Après une vague de créations de maisons indépendantes dans les années 1980-1990, la question de la transmission de ces entreprises se pose aujourd'hui avec acuité dans l'Hexagone. Est-ce aussi le cas au Québec ?
Avec l'apparition d'une troisième génération de maisons dans les années 1960-1970, une nouvelle vague d'éditeurs a émergé au début des années 2000. Considérée comme la renaissance de la littérature québécoise, elle constitue le noyau dur de l'édition en termes de chiffre d'affaires et d'offre éditoriale. Parmi ces maisons, on peut citer Alto, La Pastèque ou La Peuplade. Contrairement à leurs prédécesseurs, cette nouvelle génération a souvent eu une première expérience professionnelle avant sa reconversion dans le monde du livre. La question de la transmission se pose donc déjà, oui.
À la lecture de votre contribution dans la revue Bibliodiversité, on se rend vite compte que la transmission des maisons québécoises est une gageure...
Le milieu du livre est très soutenu par les pouvoirs publics québécois. Rien qu'au niveau provincial, la Société de développement des entreprises culturelles (SODEC) propose des programmes, dont l'aide au développement entrepreneurial, qui permet de prendre en charge jusqu'à 75 % des dépenses pour l'acheteur et le vendeur. Mais, de par sa situation économique, l'édition n'est pas un secteur qui attire. Il représente un risque financier phénoménal : nous sommes un petit marché dominé par les importations, notamment françaises. Par ailleurs, une maison d'édition constitue souvent le fonds de retraite de son fondateur ou sa fondatrice ; le système public de retraite n'étant pas du tout généreux ici. De nombreuses personnes préfèrent ainsi prendre le risque de créer leur propre structure plutôt que de reprendre une société existante. Mais, en contrepartie, il leur est plus difficile d'être agréé par le gouvernement et de pouvoir ensuite bénéficier des subventions publiques.
Et pour la librairie ?
Contrairement à l'édition, la librairie continue d'être attractive. Et elle reste un commerce. Malgré un investissement conséquent, il est plus simple et pas complètement hors de portée de reprendre un fonds de commerce. Pour la plupart d'entre elles, les librairies vivent de l'agrément du ministère de la Culture et des Communications.
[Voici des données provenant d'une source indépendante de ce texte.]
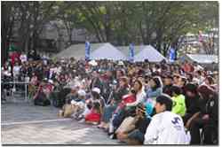 これは平成14年度に千葉YEGの都市問題研究委員会が、中心市街地活性化のためのTMO事業というものを1年間研究し、今年度はその実践のひとつとして、千葉市におけるTMO事業であるイベント事業に取り組んだもので、初めての主催事業となりました。今まで青年部は、1995年から毎年10月に「サウンドinちば」というイベントの中で、一般参加者によるパフォーマンスコンテストの運営を担っていましたが、今回は千葉YEGが全ての面で責任を持って作り上げました。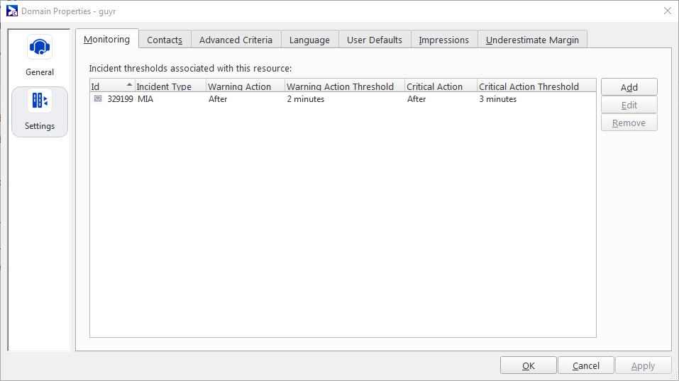 Here you specify the incident thresholds associated with the domain. For more information, see Incident Thresholds.

Cela leur permet d'accéder, là aussi, à un certain nombre d'aides et leur donne le droit de vendre aux institutions publiques locales. C'est souvent mieux de reprendre une librairie qui a déjà son agrément.
Dans Bibliodiversité, vous écrivez à propos de l'édition que « les groupes n'ont plus le monopole des stratégies de fusion des activités et de rachat favorisant les effets de concentration ». Observe-t-on de plus en plus de maisons indépendantes se racheter entre elles ?
Depuis les années 2010, des entreprises familiales reprennent en effet d'autres entreprises. C'est par exemple le cas d'Hurtubise qui a repris les éditions XYZ en 2009 ou Multimonde en 2015, ou de Somme toute qui a acheté les catalogues de Lévesque éditeur et Hamac. Ce phénomène est favorisé par le désintérêt des groupes.
La reprise en coopérative est un scénario possible de transmission pour la librairie. Ce modèle peut-il aussi être adapté pour l'édition ?
Le seul exemple d'entreprise ainsi cogéré auquel je pense est Écosociété. Mais c'est particulier parce que la maison est adossée à l'Institut pour une écosociété. Contrairement à la librairie, l'édition est une dictature. Elle est d'abord une question de vision qui dépasse rarement plus de deux personnes. Je trouve cela dommage car le Québec est l'un des pionniers en matière d'économie sociale : nous avons tellement de leviers qui permettraient d'aider à une reprise en coopérative avec un risque équivalent à zéro. C.L.